Beach in Bali, Indonesia

Pandawa Beach (or Pandava Beach, Pantai Pandawa; ᬧᬲᬶᬄ​ᬧᬵᬡ᭄ᬟᬯ) is located at Badung – South Kuta tourist region and one of the many beaches in Bali. In the past, this beach is well known to be one of the regions secret beaches because of the location behind a mountainous area that secluded its location to the unknown. Pandawa beach is surrounded by two cliffs with one of them, carved into the cliff face the statues of the Pandavas and the Kunti goddess. The six statues from top to bottom are Kunti, Yudhishthira, Bhima, Arjuna, Nakula, and Sahadeva.

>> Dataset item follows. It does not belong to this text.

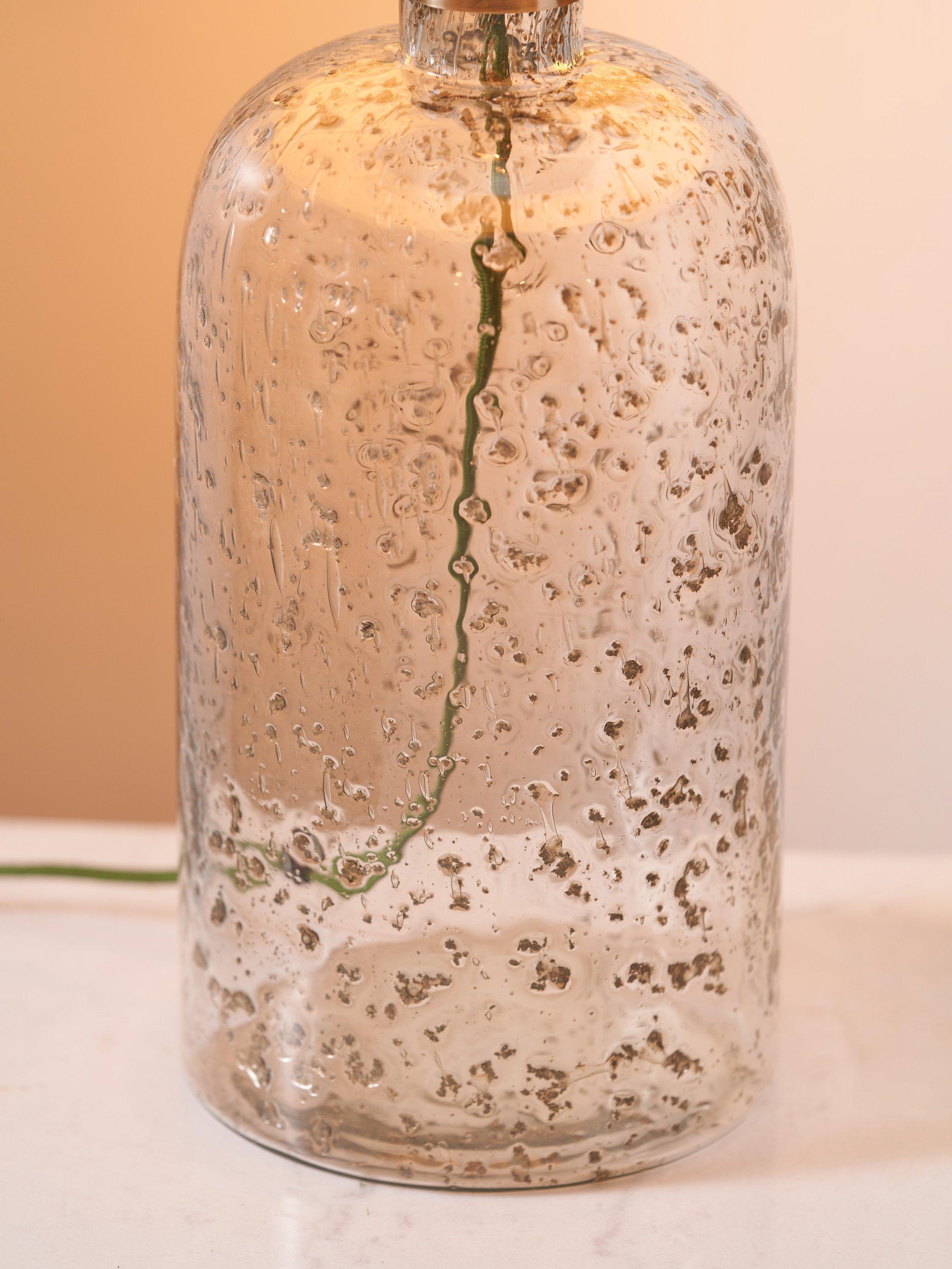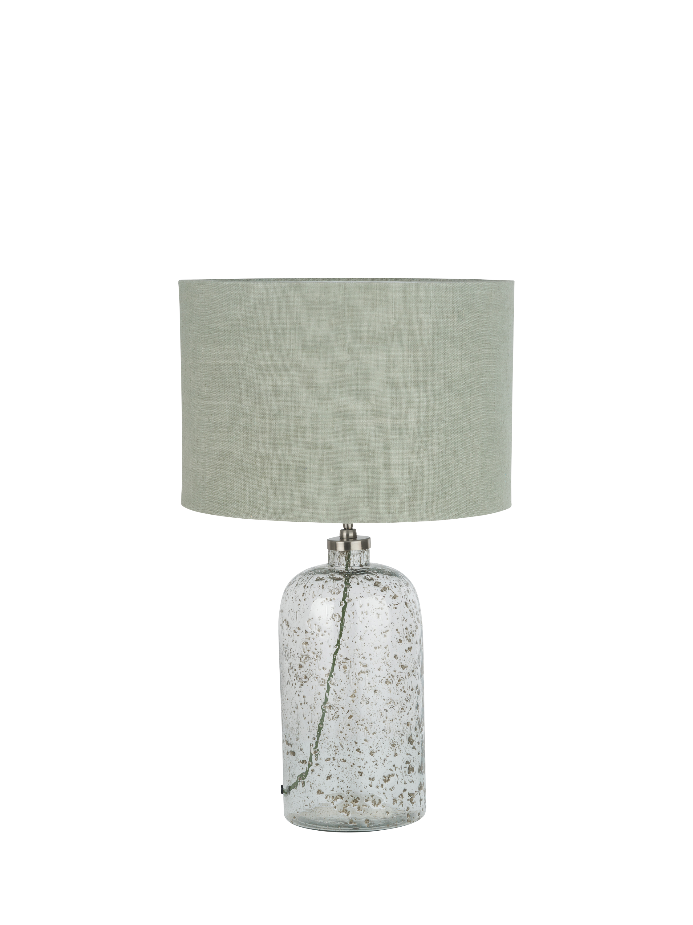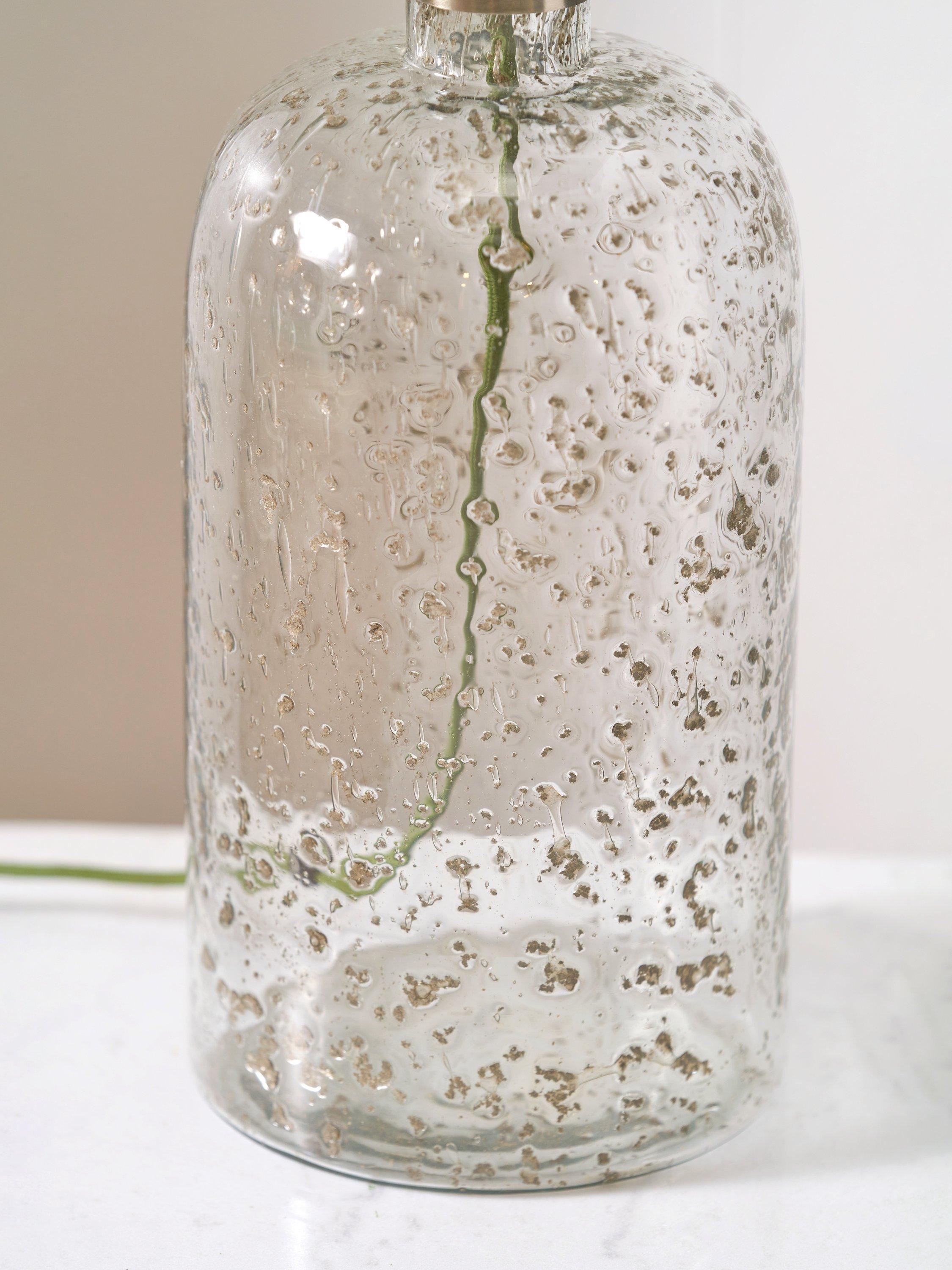Made in collaboration with Designers Guild, this striking bubble glass table lamp has been handmade by skilled artisans in India. The bubbles are inherent in the glass and have been coloured to imitate a mercury-style finish. This stunningly simple bottle-shaped lamp base is paired with a fabric flex and an open weave jute linen, cylinder shade.

The beach is well known as a tourist attraction and its water sport use but it is also known as a seaweed algaculture farm.  It has a shallow long beach face that is suitable for farming seaweed by the locals. Water sports are also a favorite pass time for tourist at the beach. Surfing is not ideal at the beach although many other sports are known to be favored like beach volley, jet skiing, and paragliding from Timbis cliff to the beach.

Production houses and film studios often use the beach for filming TV serials and film for TV or FTV's.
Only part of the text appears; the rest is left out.